Deciphering molecular relapse and intra-tumor heterogeneity in non-metastatic resectable head and neck squamous cell carcinoma using circulating tumor DNA

Grégoire Marret  1 Constance Lamy  1 Sophie Vacher  2 Luc Cabel  3 Mathieu Séné  2 Ladidi Ahmanache  2 Laura Courtois  2 Zakhia El Beaino  4 Jerzy Klijanienko  4 Charlotte Martinat  4 Nicolas Servant  5 Choumouss Kamoun  5 Maral Halladjian  1 Thierry Bronzini  6 Cédric Balsat  7 Jean-François Laes  7 Aubray Prévot  7 Sébastien Sauvage  7 Maxime Lienard  7 Emmanuel Martin  7 Bérengère Genin  7 Nathalie Badois  8 Maria Lesnik  8 Antoine Dubray-Vautrin  8 Olivier Choussy  8 Wahib Ghanem  8 Rabah Taouachi  8 Julien Masliah Planchon  2 Ivan Bièche  2 Christophe Le Tourneau  9 Maud Kamal  1
Affiliations

Deciphering molecular relapse and intra-tumor heterogeneity in non-metastatic resectable head and neck squamous cell carcinoma using circulating tumor DNA

Grégoire Marret et al.
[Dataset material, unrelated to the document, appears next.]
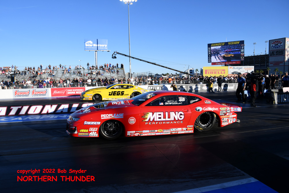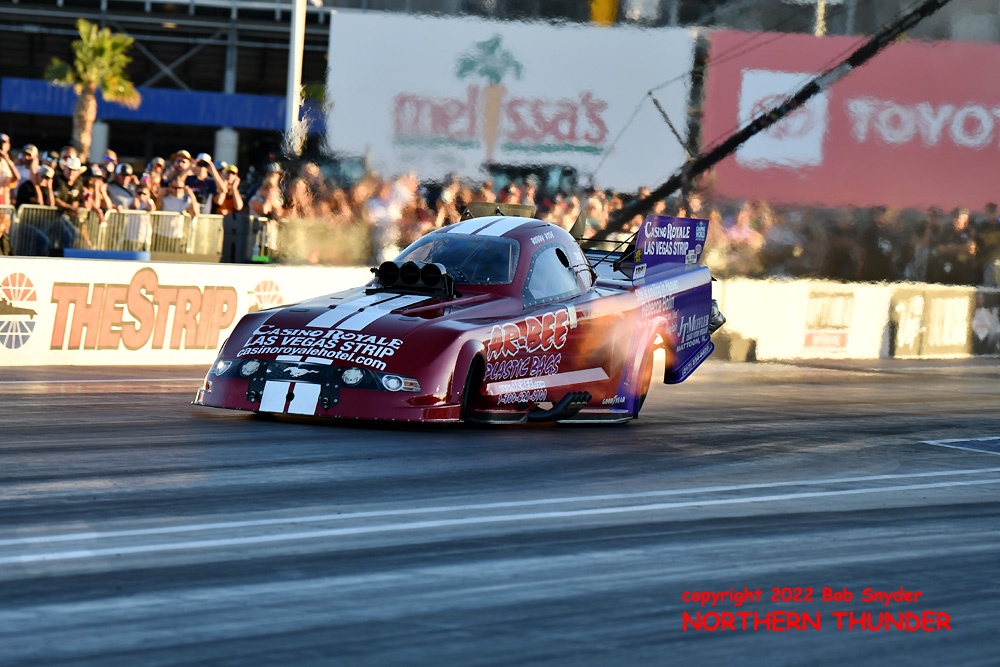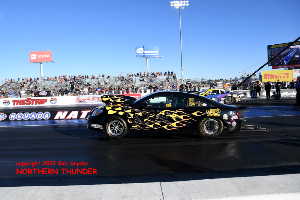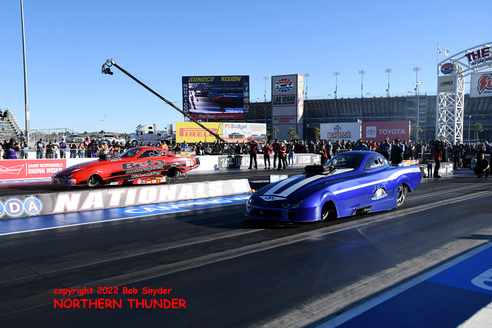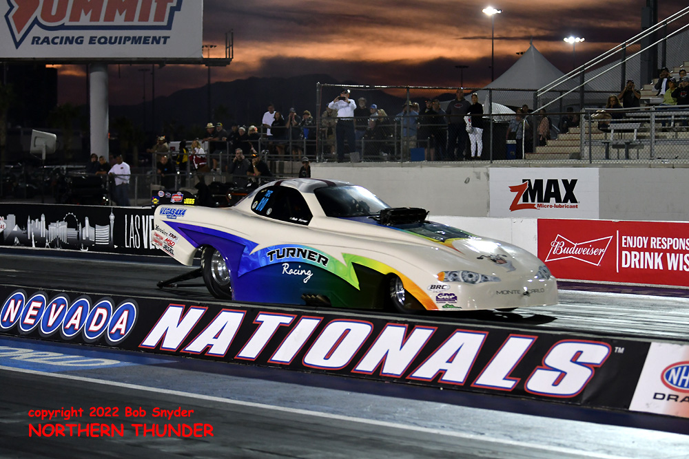(LEFT) Making the long trek from the East Coast, championship contender D. J. Cox Jr. made his Las Vegas debut as he fought to remain in the points chase. His first session 5.501 - 264.80 had him in the #5 spot, but this time he had to fight the car all the way down the track, and amazingly, nearly his earlier run with a very good 5.513 - 262.64 timeslip.

Oral Oncol. 2025 Jan.

Abstract

Objectives: Head and neck squamous cell carcinoma (HNSCC) is characterized by significant genetic intra-tumor heterogeneity (ITH), which may hinder precision medicine strategies that depend on results from single tumor-biopsy specimens. Treatment response assessment relies on radiologic imaging, which cannot detect minimal residual disease (MRD). We assessed the relevance of circulating tumor DNA (ctDNA) as a biomarker for ITH and MRD in HNSCC.

Materials and methods: We recruited 41 non-metastatic resectable HNSCC patients treated with upfront curative-intent surgery in the prospective biobanking SCANDARE study (NCT03017573). Thirty-one patients (76 %) showed recurrent disease at a median follow-up of 41 months. Targeted next-generation sequencing was performed on resected tumor tissues, as well as on serial blood samples obtained at surgery, within 14 weeks after surgery, at six months and at recurrence.
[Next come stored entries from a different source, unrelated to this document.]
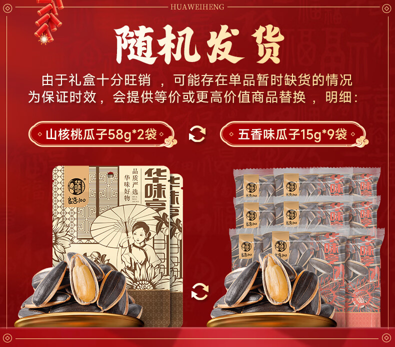 华味亨 1500g多口味葵瓜子 袋装瓜子3斤 坚果炒货葵花籽大颗粒香瓜子 500g焦糖味瓜子*3斤
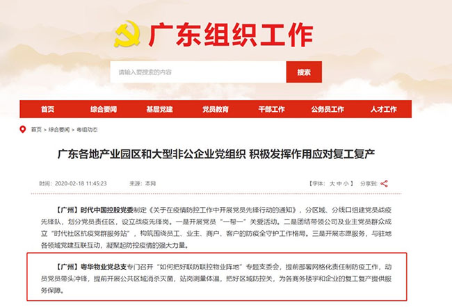 粤华物业发挥党组织战斗堡垒作用和党员先锋模范作用,团结带领全体员工坚守岗位,做好复工防疫保障工作被“学习强国”、“广东组织工作”、广州电视台等多家媒体报道。
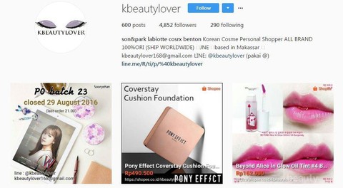 Kbeautylover merupakan online shop yang ada di Makassar, namun online shop ini menerima pengiriman ke seluruh dunia lho. Produk-produk yang dijual di Kbeautylover dijamin 100% asli. Kamu bisa order via email maupun melalui Line. Jika kamu tertarik untuk melihat produk-produk yang mereka jual, kamu bisa lihat akun Instagram mereka. Selain skincare Korea, online shop ini juga menjual beberapa makeup asal Korea. Jadi kalau kamu lagi mencari skincare dan makeup yang serba Korea, online shop ini bisa menjadi pilihan tepatmu!
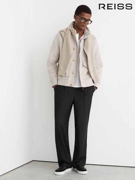Reiss Oatmeal Hadley Wool-Blend Funnel-Neck Bomber Jacket
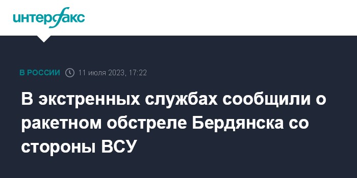 Москва. 11 июля. INTERFAX.RU - Бердянск на берегу Азовского моря в юго-восточной части Запорожской области попал во вторник под ракетный обстрел со стороны Вооруженных сил Украины, сообщил журналистам представитель экстренных служб региона.
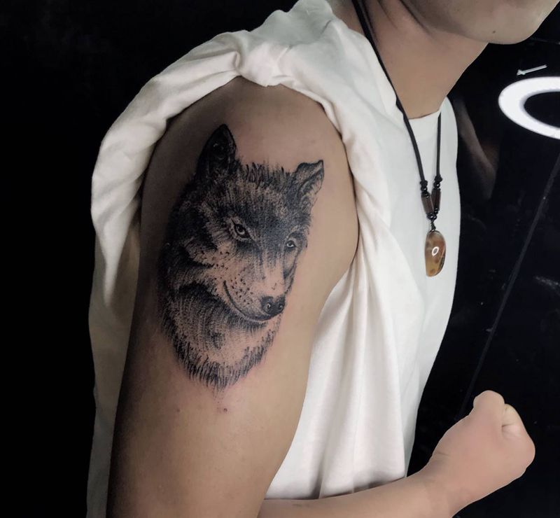 当前位置: 首页 >新疆巴音郭楞蒙古自治州纹身店-峯刺青Tattoo studio纹身图案>甩针/狼纹身图片_手臂新传统狼甩针纹身图案
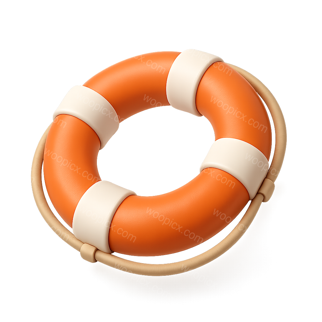 A detailed 3D icon of a life preserver featuring an orange flotation device with white bands. The image showcases a three-quarter view, emphasizing its volumetric design against a soft gradient background.
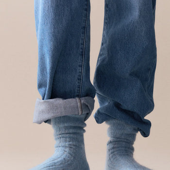 These soft, blue bed socks are the ultimate in luxury loungewear, yet are robust enough to be used in place of slippers.
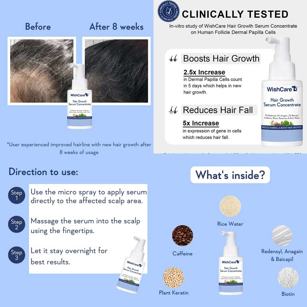 Buy WishCare Hair Growth Serum Concentrate 30ml online in Bangladesh from Cellsii. WishCare Hair Growth Serum Concentrate is a powerhouse formula designed to promote healthier, stronger, and thicker hair. Enriched with natural and scientifically proven ingredients, this serum targets hair loss, stimulates hair follicles, and nourishes the scalp for optimal hair growth. Its lightweight, non-greasy texture makes it easy to apply and suitable for all hair types.

Results: ctDNA was detected in 21/41 patients at surgery (sensitivity: 51 %; 95 % CI, 35-67 %) and 15/22 patients at recurrence (sensitivity: 68 %; 95 % confidence interval [CI], 45-86 %). Among patients with mutations identified in longitudinal plasma samples, additional mutations missed in tumor tissues were reported in 3/21 patients (14 %), while emerging mutations were reported in 9/21 patients (43 %). In the postoperative surveillance setting, ctDNA-based MRD detection anticipated clinical recurrence with a median lead-time of 9.9 months (interquartile range, 8.0-14.5 months) in 17/27 patients (63 %). When detected within 14 weeks after surgery, MRD correlated with disease recurrence after adjusting for classical prognostic variables (HR = 3.0; 95 % CI, 1.1-7.9; p = 0.03).

Conclusions: ctDNA detection is a useful biomarker for ITH and MRD in resectable HNSCC patients.

Keywords: Biomarkers; Head and neck squamous cell carcinoma; Liquid biopsy; Next-generation sequencing; Tumor heterogeneity; circulating tumor DNA.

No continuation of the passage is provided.